Home Affairs is one of the most “hated” state entities amongst South Africans. For years, people have complained about long queues, lost documents and terrible service. For refugees seeking asylum, though, the issues are a lot more severe.
It has taken multiple Home Affairs ministers and seven years for the department to comply with a court order and reopen a Refugee Reception Office (RRO) in Port Elizabeth.
At the same time, Home Affairs remains in breach of a separate court order to re-open the Cape Town RRO.
The department has now opened the Port Elizabeth office after constant requests and queries from the DA-governed Nelson Mandela Bay metro, as well as NGOs.
DA Shadow Minister of Home Affairs Haniff Hoosen says that the lack of action from Minister Malusi Gigaba and Home Affairs in Cape Town is an indictment on his leadership.
NGOs in the Mother City are currently urging the court to appoint a Special Master to oversee Gigaba’s compliance with the order.

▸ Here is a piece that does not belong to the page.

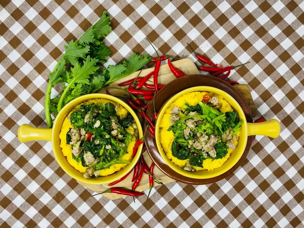 Ortaggi autunnali con alto contenuto di polifenoli antiossidanti, minerali, vitamine ma anche omega 3 e acido folico, le cime di rapa appartenevano alla cucina povera ed oggi sono l’ingrediente prelibato di molti piatti grazie al loro gusto particolare e leggermente piccante. Non sono soltanto buone, infatti, sono alleate dell’organismo grazie alla loro funzione depurativa e detossificante. Ideale è accostarle alla salsiccia calabrese ma sono squisite anche con la pasta e le acciughe o la pancetta e gustosissime da sole ripassate in padella col peperoncino. La polenta che le accompagna, dal latino puls, un “mix di cereali e farro” utilizzato al tempo dei Romani, è estremamente saziante ed economica e per questo è stata allungo il cibo dei poveri causando, purtroppo, la pellagra, una malattia devastante dovuta alla carenza di vitamine del gruppo B. Il suo accostamento alle cime di rapa ed alla salsiccia è sicuramente uno fra i più riusciti.

The DA says incidents like this raise concerns around illegal immigration.
“The inefficiency of Home Affairs negatively affects asylum seekers who seek to regularise their stay in South Africa. The Department’s inability to process asylum applications could fuel illegal immigration as it will leave many refugees undocumented,” Hoosen said.
Last month, Gigaba gave the public an update on the department’s goals for the smart ID card. By 2023, they had planned to have everyone moved over from the previous ID books.
While South Africans were recently caught out by a fake post claiming that all green barcoded ID books will be expiring in 2018, the department does have plans to phase them out slowly over time.
With more South Africans flooding Home Affairs offices in an attempt to get their ID card, Gigaba also urged citizens to “not expect miracles” when visiting.